Économie

Face au Sénégal et à la Côte d’Ivoire, Asky reste déterminé à tracer son sillon

Réservé aux abonnés
Mis à jour le 22 avril 2021 à 12:55

Un Boeing 737-7K9 d’Asky à l’aéroport international de Lomé-Tokoin. © M.Torres/Travel-Images/Getty Images

Entreprise privée, la compagnie ouest-africaine échappe à la tutelle politique dont souffrent ses consœurs. Mais le prix à payer en temps de crise est colossal.

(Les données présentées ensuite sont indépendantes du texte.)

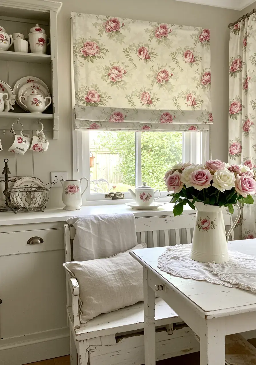 Floral patterns are a hallmark of Shabby Chic style, instantly adding femininity, romance, and a connection to nature. They soften the hard lines of a kitchen and introduce delicate beauty and charm, enhancing the overall gentle aesthetic.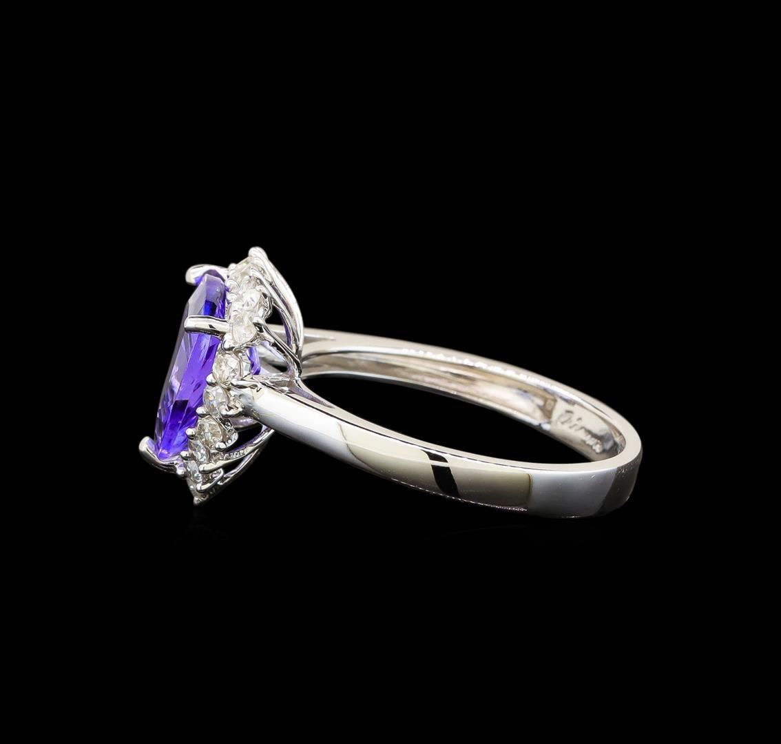 One electronically tested 14KT white gold ladies cast tanzanite and diamond ring with a flat shank with a bright polish finish. Trademark is Orianne. Identified with markings of "14K". Condition is new. Containing: One prong set triangle modified brilliant cut natural tanzanite, measuring 10.00 x 10.00 x 5.01mm, approximate weight of 3.02ct., clarity is eye clean, type I, medium, very slightly grayish, violet color, (GIA V 5/3), cut is good. Eighteen prong set round brilliant cut diamonds, measuring 1.70 - 1.70 x 1.02mm (depth est.) approximate total weight of 18 Stones = 0.32ct. Clarity: SI-2 to I-2. Color: I - J. All diamonds and colored gemstones are graded in the mounting, unless otherwise stated. Colored gemstones are presumed to have been subjected to commonly used enhancement processes. Total Weight of Colored Stones 3.02ct. Total Weight of Diamonds 0.32ct. Total Weight of Ring 3.30 grams. GGL Appraised at $3,270.00.

En juillet 2020, le gouvernement ivoirien, actionnaire à 58 % du pavillon national, a accordé une aide de 14 milliards de F CFA (plus de 21 millions d’euros) à Air Côte d’Ivoire pour l’aider à faire face à la crise sanitaire. À Dakar, ce sont 68 millions d’euros qui ont été mobilisés en faveur de la compagnie nationale Air Sénégal, que l’État possède à 100 %.

Rien de tel à Lomé pour Asky : avec son statut privé, « la compagnie panafricaine » se retrouve en revanche davantage livrée à elle-même en temps de crise.

Les pertes enregistrées en 2020 s’élèvent à 10 milliards de dollars à l’échelle du continent

Ce n’est pourtant pas faute d’avoir sollicité des aides. Banque mondiale, BAD, banques… « Nous avons frappé à toutes les portes, entrepris toutes les démarches possibles et imaginables, sans succès pour l’instant », témoigne le Camerounais Nowel Ngala, directeur commercial de l’entreprise, sollicité par Jeune Afrique.

Cinq mois de quasi black-out

Pourtant Asky a bel et bien, comme ses consœurs du continent, été frappée par la crise, qui a durement affecté l’ensemble de l’industrie aérienne mondiale : selon l’Association internationale du transport aérien (IATA), bien que les compagnies africaines aient affiché les performances les plus résilientes du monde, leur revenu passager-kilomètre payant a tout de même dégringolé de 63,9 % entre janvier 2019 et janvier 2021.

L’Association africaine des compagnies aériennes (Afraa) évalue à 10 milliards de dollars les pertes enregistrées en 2020 à l’échelle du continent.

Il n’y aura pas de retour à la normale pour le secteur avant 2024

Pour ce qui est d’Asky, après un black-out quasi total entre les mois de mars et d’août 2020 – avec seulement des opérations d’affrètement pour l’ONU en Afrique de l’Ouest, mobilisant trois avions depuis Accra, et des vols cargo pour acheminer du matériel de soutien Covid en Afrique de l’Ouest – la compagnie a connu une timide reprise, tournant à 27 % de ses capacités en septembre et octobre.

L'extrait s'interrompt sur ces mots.